Use case
Compare strings that look similar but aren’t exactly the same — such as customer names, addresses, or product titles — in SQL queries.
We are happy to announce that the development of built in functions to calculate string similarity using different algorithms is under way with the expected release by the end of summer 2025. In the meantime, here is an example on how to achieve this by creating your own virtual procedure.
Why Fuzzy Matching?
When integrating data from multiple sources or cleaning up inconsistent records, exact string matching (‘=’ or ‘LIKE’) often falls short.
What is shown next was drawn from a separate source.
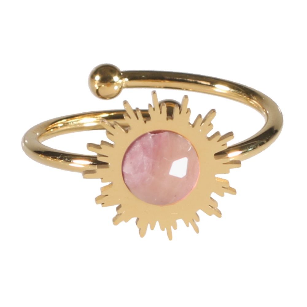 Bague avec soleil en acier doré monté d'une pierre naturelle.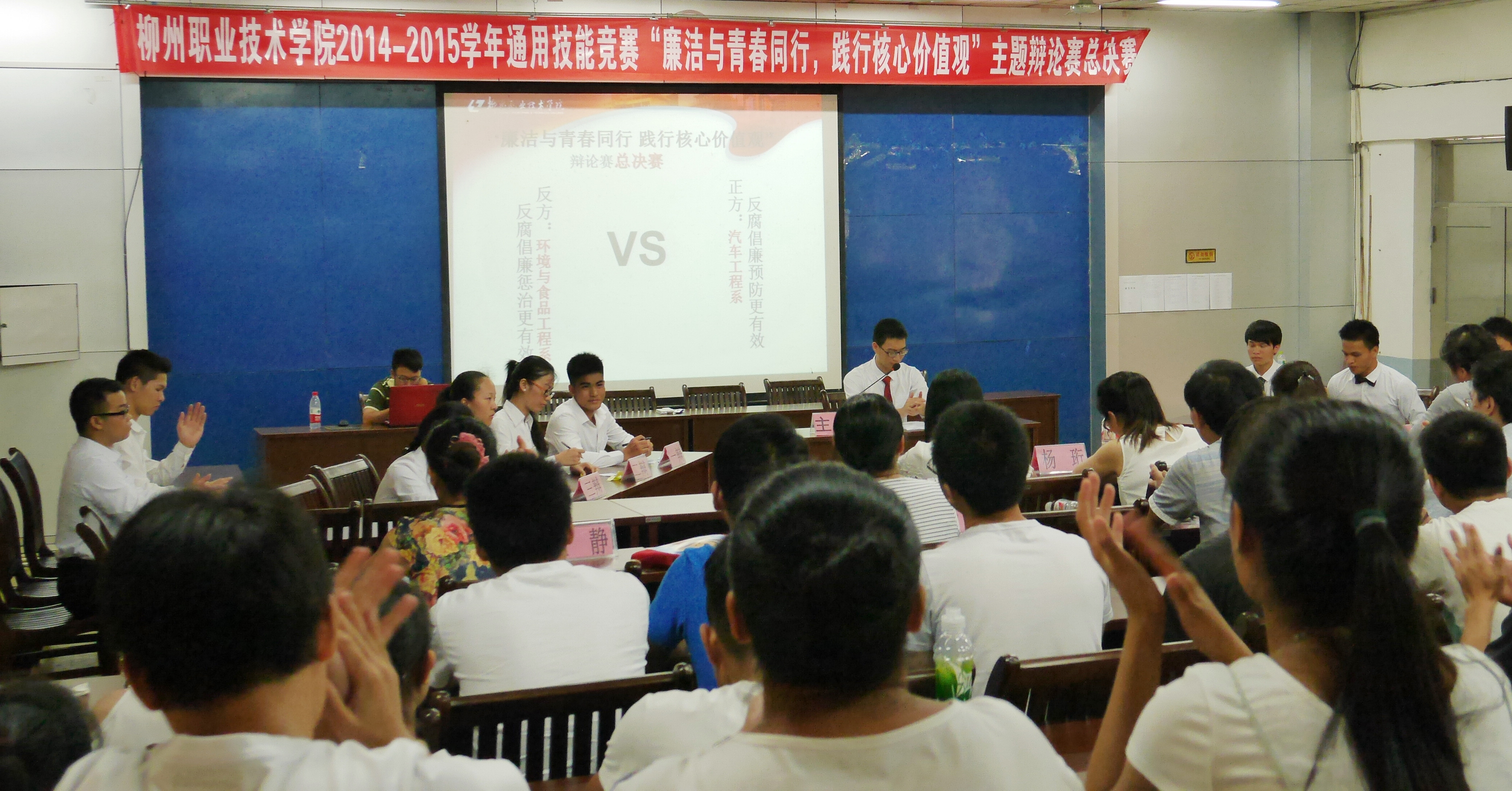 新闻网消息(通讯员/公共基础部 韦柳钰 摄影/宣传部 朱敬民、季长贤、赵汝兰)6月25日下午,思贤楼101教室上演了一场不见硝烟的战争。对战双方唇枪舌剑,针锋相对,战得是难分难解,不亦乐乎。这正是2014-2015年度大学生通用技能竞赛“廉洁与青春同行,践行核心价值观”主题辩论赛的决赛现场。全院130余名师生见证了这场精彩的巅峰对决。此次观赛嘉宾阵容强大,学院党委副书记阳旭、副院长杨毅、督导处处长傅昌德、学生工作处处长唐冬雷、院团委书记王慧以及各系的书记到场观战,显示了学院及各系部领导对此次辩论赛的重视。

For example:
-
"John Smith"vs."Jon Smith" -
"Mary Johnson"vs."Mary Jonson"
Despite being nearly identical, these will not match using standard SQL operators.
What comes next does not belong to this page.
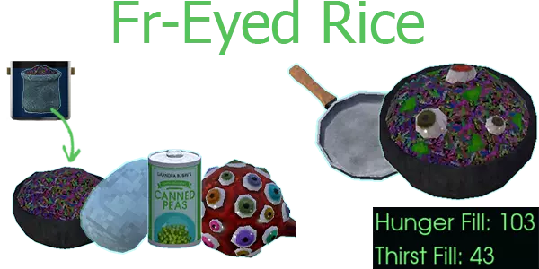 【油炸】焦眼炒饭 材料:一碗赞特瑞姆米饭、“鸡蛋”、一罐豌豆、格雷耶布 效果:施加【颗粒视觉】-水下视觉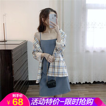 连衣裙女韩版休闲宽松吊带裙子小西装两件套套装裙 吊带连衣裙(调节扣) S

This is where Levenshtein similarity becomes powerful — it quantifies how "close" two strings are based on the minimum number of edits (insertions, deletions, substitutions) needed to convert one into the other.
Solution: Levenshtein Similarity as a Virtual Procedure
You can embed a Levenshtein algorithm in JavaScript and use it inside a CData Virtuality Virtual Procedure to return a similarity score between 0 and 1.
Procedure Definition
CREATE OR REPLACE VIRTUAL PROCEDURE views.similarity_levenshtein (
IN string1 string,
IN string2 string
)
RETURNS (
string1 string,
string2 string,
similarity double
)
AS
BEGIN
SELECT string1, string2, similarity
FROM OBJECTTABLE(
LANGUAGE 'javascript'
'function levenshtein(a, b) {
if (a === b) return 1.0;
if (!a || !b) return 0.0;
var m = a.length;
var n = b.length;
var dp = [];
// Initialize the dp array
for (var i = 0; i <= m; i++) {
dp[i] = [];
dp[i][0] = i;
}
for (var j = 1; j <= n; j++) {
dp[0][j] = j;
}
// Fill the dp table
for (var i = 1; i <= m; i++) {
for (var j = 1; j <= n; j++) {
if (a.charAt(i-1) === b.charAt(j-1)) {
dp[i][j] = dp[i-1][j-1];
} else {
dp[i][j] = Math.min(
dp[i-1][j] + 1, // deletion
dp[i][j-1] + 1, // insertion
dp[i-1][j-1] + 1 // substitution
);
}
}
}
var distance = dp[m][n];
var maxLen = Math.max(m, n);
var similarity = maxLen === 0 ? 1.0 : 1.0 - (distance / maxLen);
return similarity;
}
// Execute the function
var result = levenshtein(string1, string2);
// Set the dv_row for the output
dv_row = {
string1: string1,
string2: string2,
similarity: result
};'
PASSING string1 AS string1,
string2 AS string2
COLUMNS
string1 string 'dv_row.string1',
string2 string 'dv_row.string2',
similarity double 'dv_row.similarity'
) AS a;
END;;
How to use it in SQL joins
Let’s look at two examples for joining records based on string similarity:
Example 1: Joining Two Customer Tables
WITH
customers_a AS (
SELECT 1 as id, 'John Smith' as name
UNION ALL SELECT 2, 'Mary Johnson'
),
customers_b AS (
SELECT 101 as id, 'Jon Smith' as name
UNION ALL SELECT 102, 'Mary Jonson'
)
SELECT
a.id as id_a,
a.name as name_a,
b.id as id_b,
b.name as name_b,
sim.similarity
FROM
customers_a a, customers_b b
, LATERAL(
SELECT similarity FROM views.similarity_levenshtein(a.name, b.name)
) sim
WHERE
sim.similarity > 0.8;
Result: Returns likely matches such as "John Smith" and "Jon Smith" with a similarity score over 0.8.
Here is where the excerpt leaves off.